[[ INPUT MATERIAL open ]]
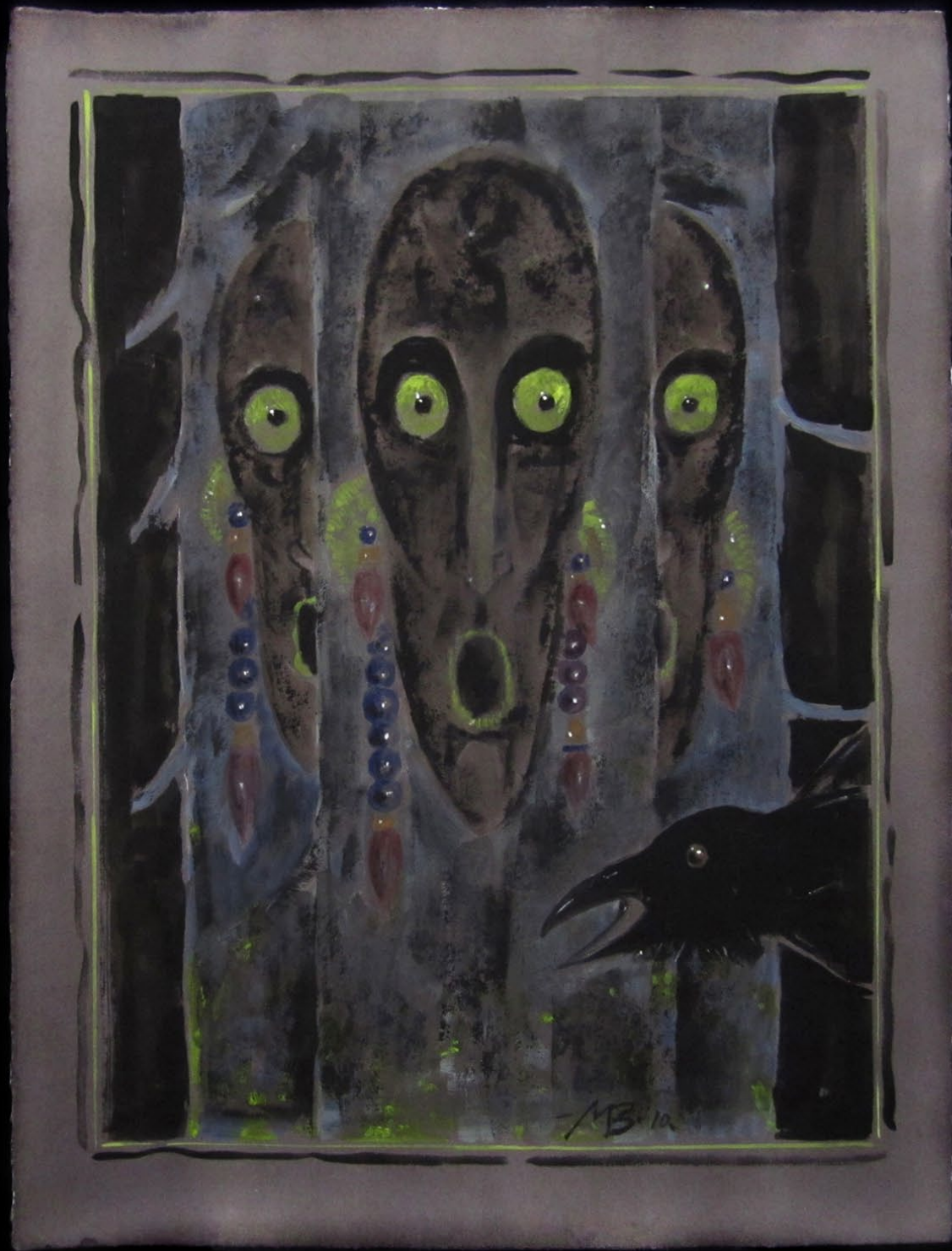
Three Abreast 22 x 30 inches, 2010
[[ INPUT MATERIAL closed ]]
[[ INPUT MATERIAL open ]]
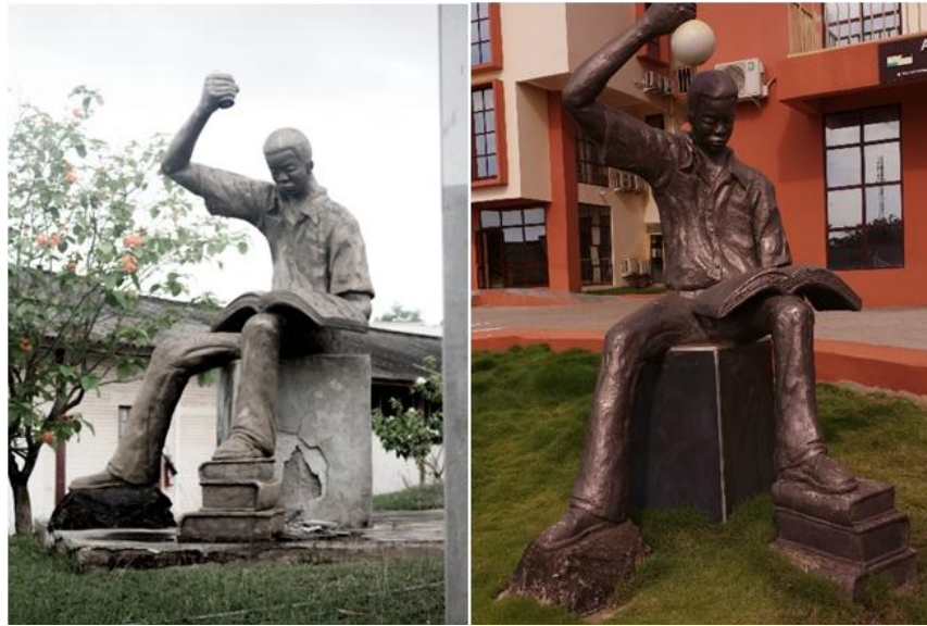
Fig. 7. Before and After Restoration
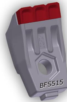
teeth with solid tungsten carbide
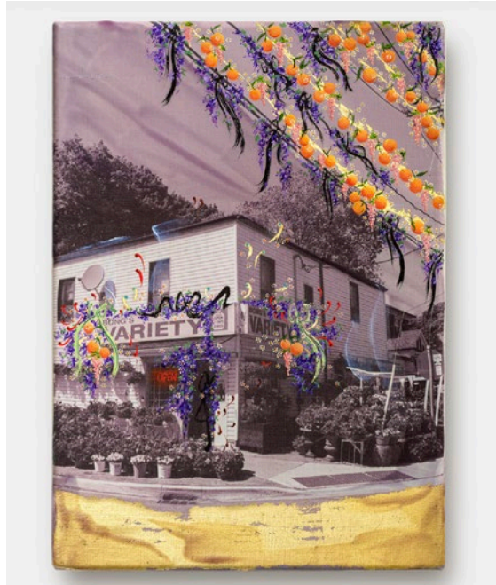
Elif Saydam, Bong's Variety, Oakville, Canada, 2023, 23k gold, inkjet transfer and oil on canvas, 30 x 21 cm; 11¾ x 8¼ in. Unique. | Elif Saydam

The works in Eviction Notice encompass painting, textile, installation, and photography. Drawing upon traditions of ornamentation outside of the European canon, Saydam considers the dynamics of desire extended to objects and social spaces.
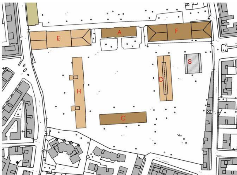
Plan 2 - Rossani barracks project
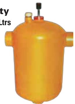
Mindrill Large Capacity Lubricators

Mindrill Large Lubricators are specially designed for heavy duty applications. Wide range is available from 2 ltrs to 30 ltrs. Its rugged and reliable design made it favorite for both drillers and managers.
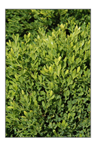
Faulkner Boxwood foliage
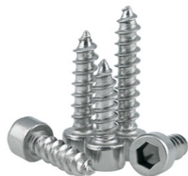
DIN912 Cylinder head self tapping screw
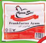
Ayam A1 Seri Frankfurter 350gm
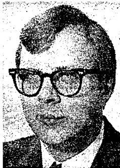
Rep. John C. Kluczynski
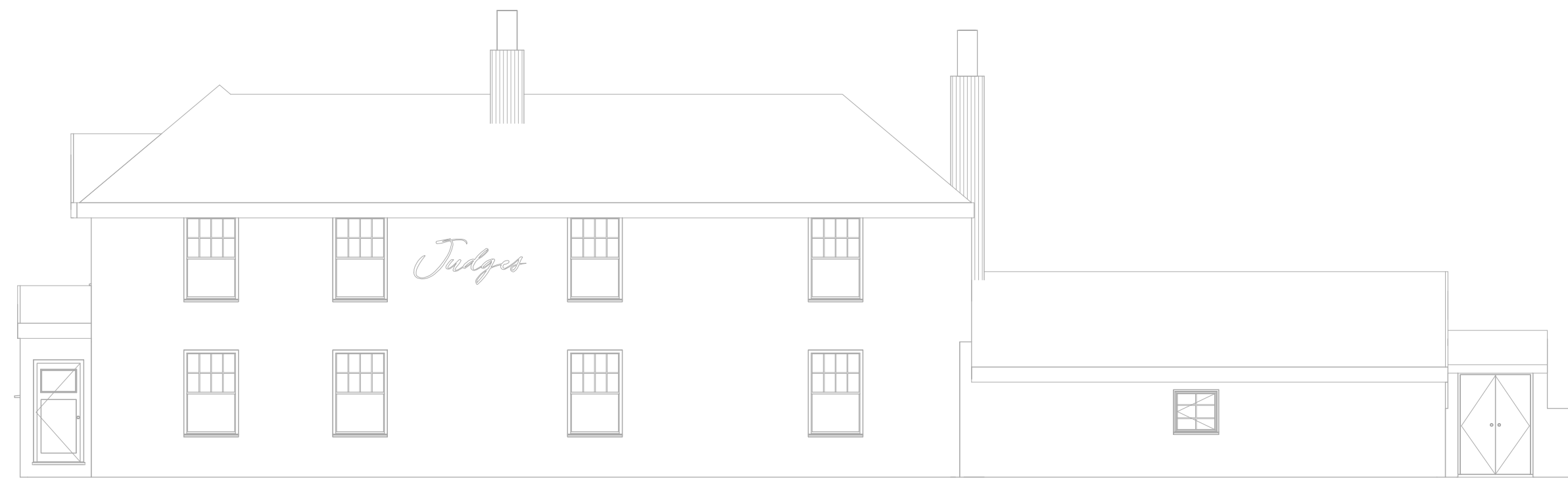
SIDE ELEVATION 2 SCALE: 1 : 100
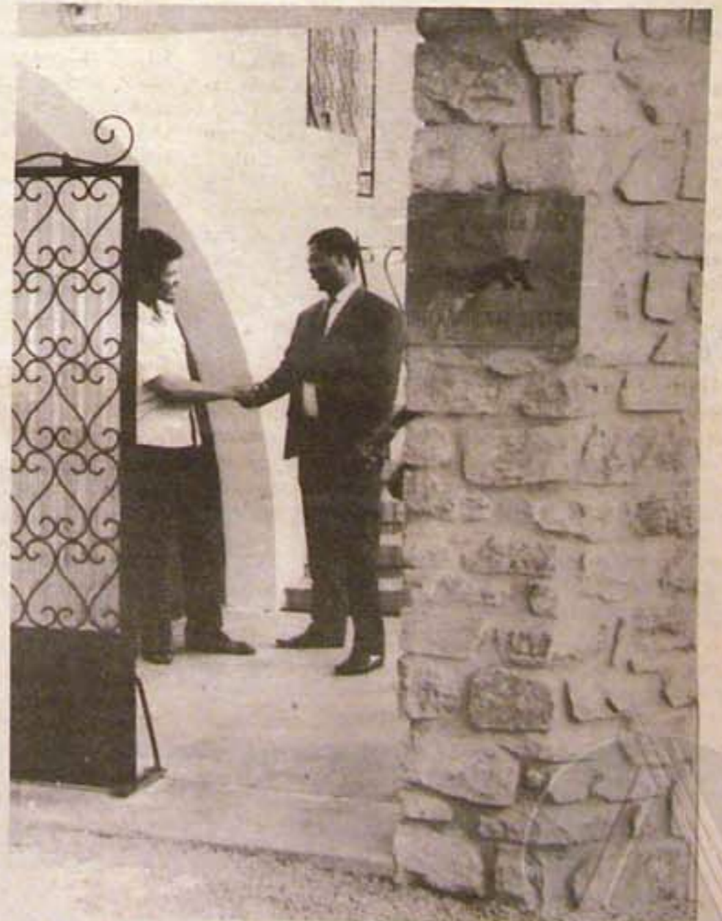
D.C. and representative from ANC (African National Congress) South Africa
[[ INPUT MATERIAL closed ]]
[[ INPUT MATERIAL open ]]
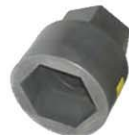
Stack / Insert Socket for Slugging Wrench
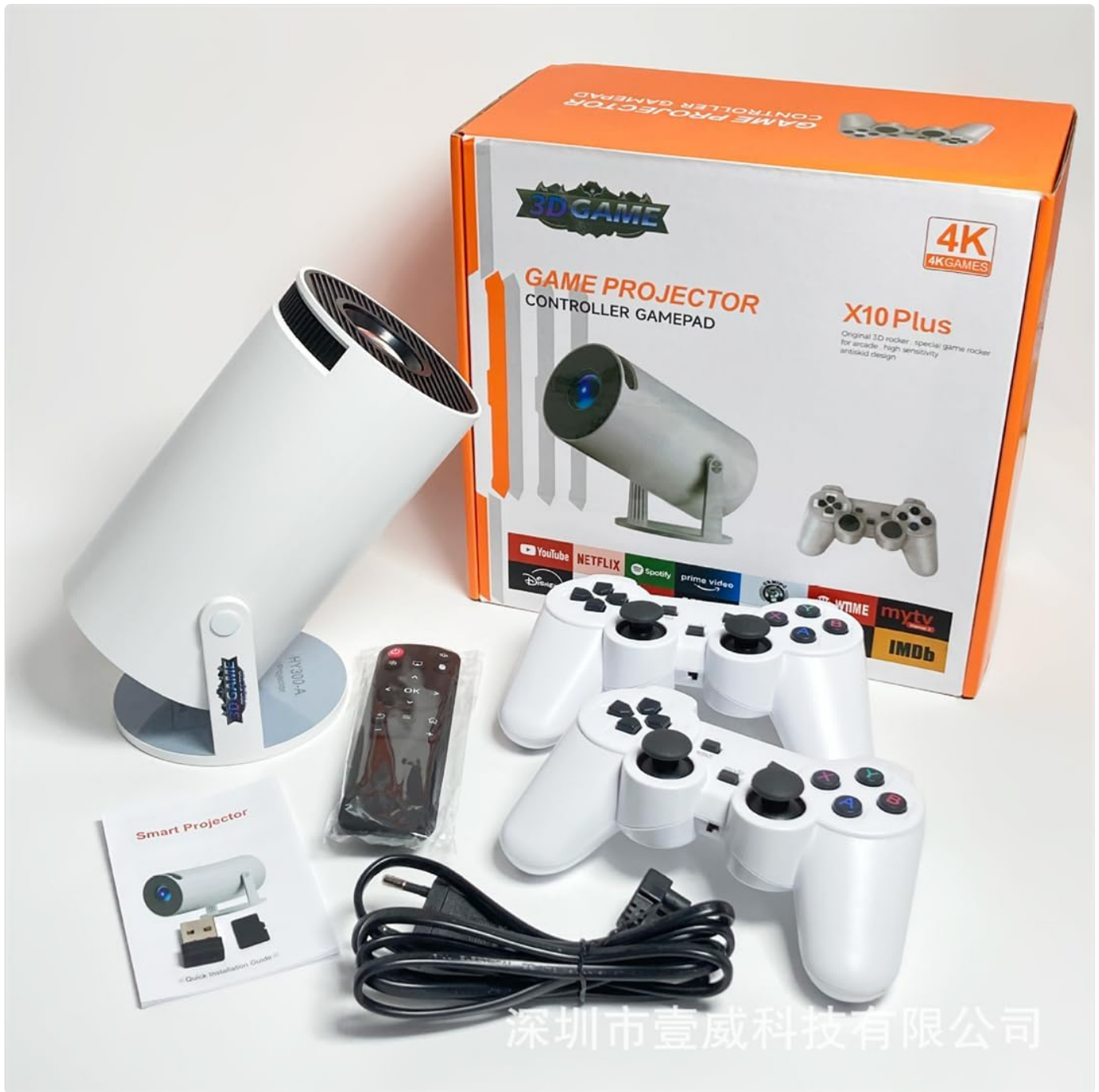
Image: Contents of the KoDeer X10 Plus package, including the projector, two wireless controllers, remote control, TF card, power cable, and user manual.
[[ INPUT MATERIAL closed ]]
• **EXERCISE INSTRUCTIONS**:
Here the job is to copy the listing above word for word, starting at the line with "Mindrill Large Lubricators" and ending at the line with "D.C. and representative", and to leave out the pictures.

• **SOLUTION TO THE PROBLEM**:
Mindrill Large Lubricators are specially designed for heavy duty applications. Wide range is available from 2 ltrs to 30 ltrs. Its rugged and reliable design made it favorite for both drillers and managers.
Faulkner Boxwood foliage
DIN912 Cylinder head self tapping screw
Ayam A1 Seri Frankfurter 350gm
Rep. John C. Kluczynski
SIDE ELEVATION 2 SCALE: 1 : 100
D.C. and representative from ANC (African National Congress) South Africa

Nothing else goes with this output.